With what now looks like a short term head-fake in the widely followed VIX (CBOE Volatility Index) last week as the index traded as high as 18.20 (vaulting from below 12 in just four trading sessions), related exchange traded funds and notes have been exceptionally active.
This morning the VIX has settled back into 13.59, just below its 50 day moving average.
The largest ETN in the “Volatility” category, VXX (iPath S&P 500 VIX Short Term Futures ETN, Expense Ratio 0.89%) has seen more than $230 million flow out of the fund in recent sessions while XIV (VelocityShares Daily
Inverse VIX Short Term ETN, Expense Ratio 1.35%) has attracted $138 million.
Following that same trend, SVXY (ProShares Short VIX Short Term Futures ETF, Expense Ratio 0.95%) has reeled in $26 million and UVXY (ProShares Ultra VIX Short Term Futures ETF, Expense Ratio 0.95%) has lost more than $119 million in the same time frame.

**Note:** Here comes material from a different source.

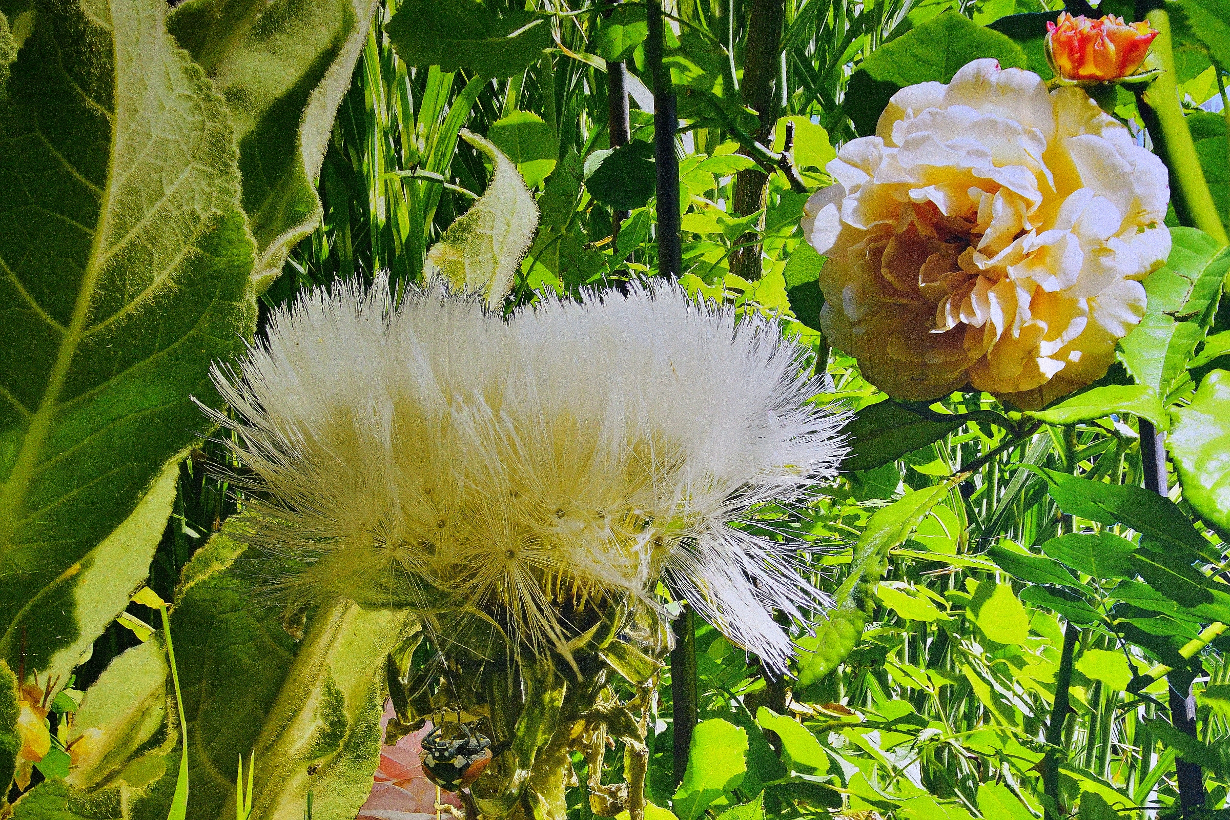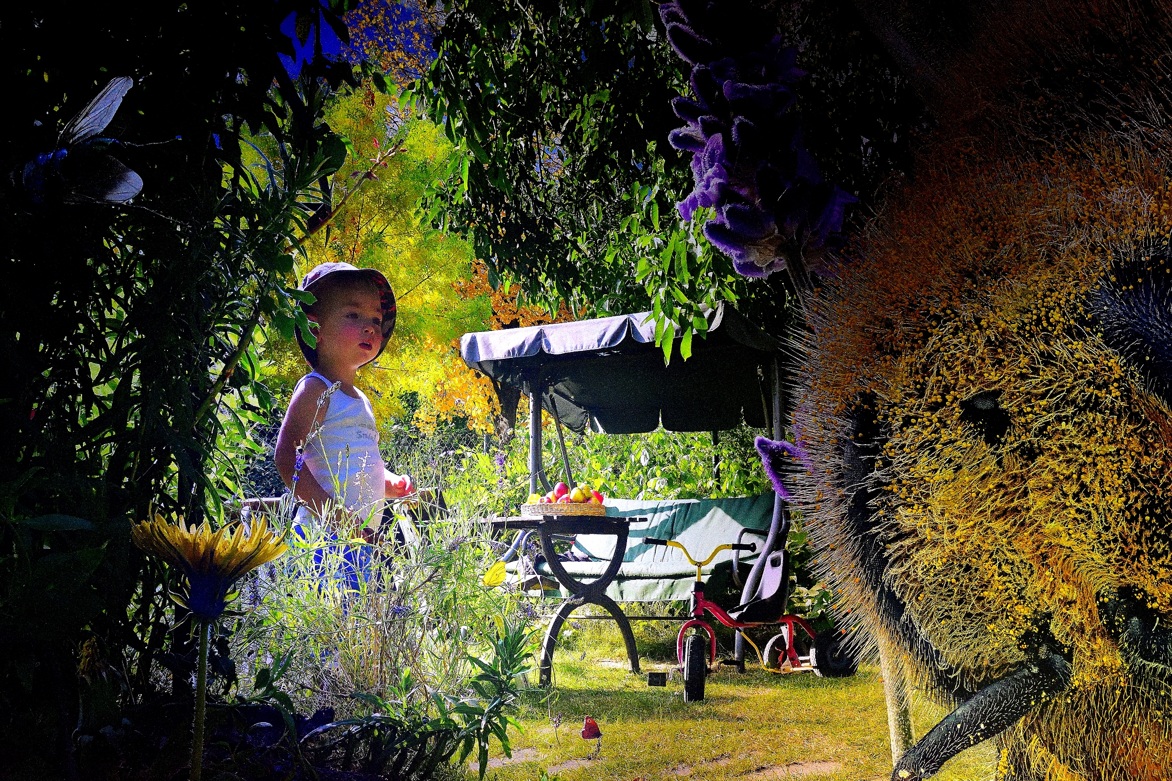 So gibt es z.B. eine 25 Meter große Biene, die dabei ist, eine Kamillenblüte zu bestäuben oder eine Katze die erkennbar auf der Jagd ist und vorsichtig mit großen Augen durch das Gras schleicht.

Although these products are linked to VIX Futures and not the VIX Index itself, the presence of volatility in the marketplace that rippled through equities last week, and certainly influenced by exogenous events such as the unfortunate bombings in Boston for example as we roll through corporate earnings season, has created short term trading and/or hedging opportunities which users of these products clearly gravitate towards.
Surely it would be fair to say that the “Volatility of Volatility” has been high in recent sessions.